If the data isn't sorted, linear lookup is the best we can get. If it is, as it is for str2d::seg::multiset and str2d::seg::multimap, binary search(lower_bound, upper_bound, equal_range) can be used. Considering the segmented coordinate is a bidirectional iterator, regular binary search wouldn't be a massive improvement over the linear search. Binary search algorithms inside the library are aware of the coordinate structures presented above and can use them to an advantage. Firstly, a binary search over a range of segments is used to locate the segment on which our element resides. After that segment had been located, another binary search(regular one) is used to locate the flat iterator of that segment which points to the element we were looking for.
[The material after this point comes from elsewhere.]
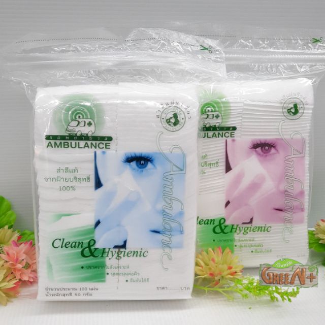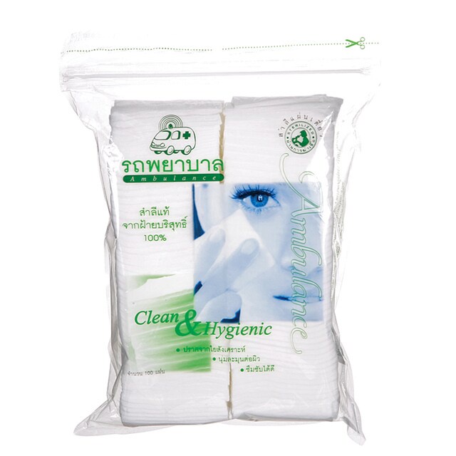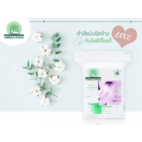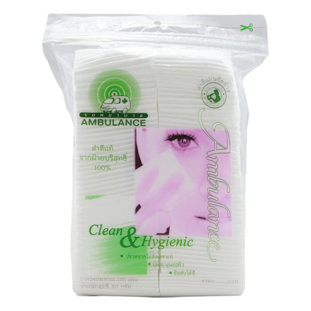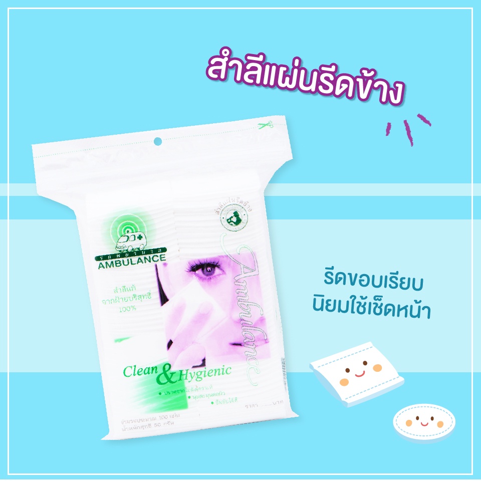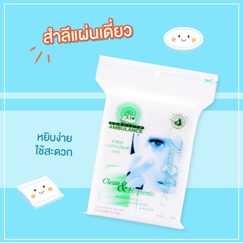 รถพยาบาล สำลีแผ่น แผ่นเดี่ยว/รีดข้าง 100 แผ่น ผลิตจากฝ้ายธรรมชาติ ซึมซับได้ดี อ่อนนุ่มอย่างเป็นธรรมชาติ

void linear_lookup_example() {
   seg_list_t slist = init_list();
   
   auto it = str2d::seg::find(slist.begin(), slist.end(), rand_int());
   if(it != slist.end()) {
      ++(*it);
      // element has been found
      // increment in by 1
   }
}

void binary_lookup_example() {
   seg_set_t sset = init_set();
   
   int r = rand_int();
   auto it = str2d::seg::lower_bound(sset.begin(), sset.end(), r);
   // or just use lower_bound method of the set
   // it = sset.lower_bound(r);
   
   if(it != slist.end() && *it == r) {
      ++(*it);
      // element has been found
      // increment in by 1
   }
}

Insertion

If an element is inserted into a segment which isn't at full capacity all actions are confined to that segment(which makes the structure very cache friendly), otherwise an allocation of new segments and/or rebalancing to neighbouring segments have to occur. In the case than new allocations happen, new segment headers have to be inserted into the index. Once the index becomes large enough, the operation of inserting into the index starts to affect performance.

void insert_example() {
   seg_list_t slist = init_list();
   seg_set_t sset = init_set();

   slist.insert(rand_iterator(slist), rand_int());
   sset.insert(rand_int());
}

Unguarded Insertion

insert method of set first has to look for the place where the object has to be inserted. If we happen to know where that place is, we can insert the element directly there. Unguarded insert methods don't do any checks to see whether the place we're inserting is valid for the given element. We must insure ourselves that the invariants aren't broken(the element before the place we're inserting must be less than or equal to, and the element at the place we're inserting must be greater than or equal to the element we want to insert). Consdering str2d::seg::set is build on top of str2d::seg::list, you can probaly guess that insert_unguarded methods are just wrappers for str2d::seg::list::insert.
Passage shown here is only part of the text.